Rodney D. Sieh, [email protected]
Monrovia – In the days leading to the much-anticipated Save-the-State Protest in the Liberian capital, there were a lot of concerns regarding Liberia’s painful past, in particular, the riots of April 14, 1979, that pretty much marked the beginning of much of what Liberia is going through today.
The United Nations, the African Union and the regional West African body, ECOWAS all took turns urging Liberians to be peaceful, calm and not engage in any form of violence that could derail the gains made over the past decade.
Then on the eve of the protest, Liberia’s international partners made a strong appeal to both the government and the Council of Patriots to reduce tensions and maintain focus on addressing the development goals of the nation. “We also encourage protesters and security forces to exercise utmost restraint and avoid any form of violence to ensure a peaceful assembly. We underscore the need to the ensure accountability for any violations that may occur during the event,” the group of 13 international partners stated in joint statement.
Jitters & Nerves on Protest’s Eve
Going down to the wire, the government itself did not make things easy. Last Wednesday, an early morning assault on the home of Rep.

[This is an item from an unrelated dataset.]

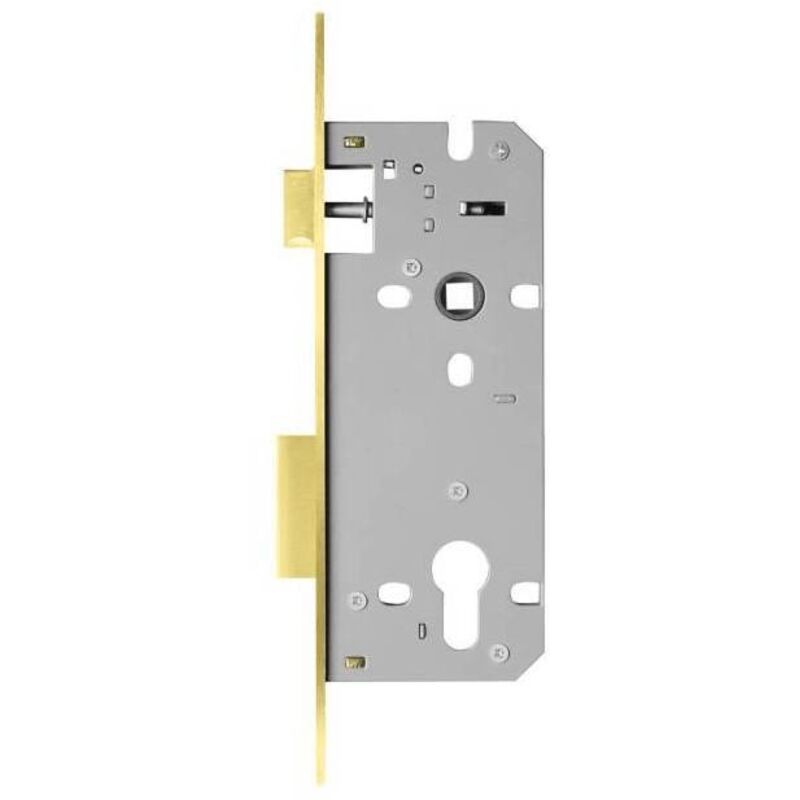 Art. Y 52 X da infilare catenaccio a 2 mandate. Scrocco reversibile. Frontale e contropiastra in acciaio ottonato. Entrata 40 mm Certificata EN 12209:2003 200.000 cicli e resistenza al fuoco.: PZ: 1,0

Yekeh Korlubah over suspicions that his guards had beaten up an intruder was followed by strong presence of security forces in the city and the setting up of checkpoints in various parts of the city.
The University of Liberia, the nation’s highest institution of learning was also the scene of intense presence of officer of the Emergency Rescue Unit of the Liberia National Police(ERU), who besieged the student community where supporters of Carlos T. Edison, Chairman of the Student Unification Party (SUP) were protesting his arrest.
Police sprayed teargas in a bit to deter protesting students who set up road blocks against news about the arrest of the Edison.
Not since September 1984, when Liberian soldiers under the command of then dictator Samuel Doe, stripped, raped and flogged students while breaking up a protest at the university, has Liberia witnessed such presence of brute force although this time there were no rapes, floggings with whips but only teargas and arrests.
In vintage fashion, then Minister Jenkins K.Z.B. Scott charged: “The road to democracy is a rocky road” and that his country cannot establish a democracy “if the people are not prepared to be civil.”
That was before Doe traded his military attire for the civilian suit.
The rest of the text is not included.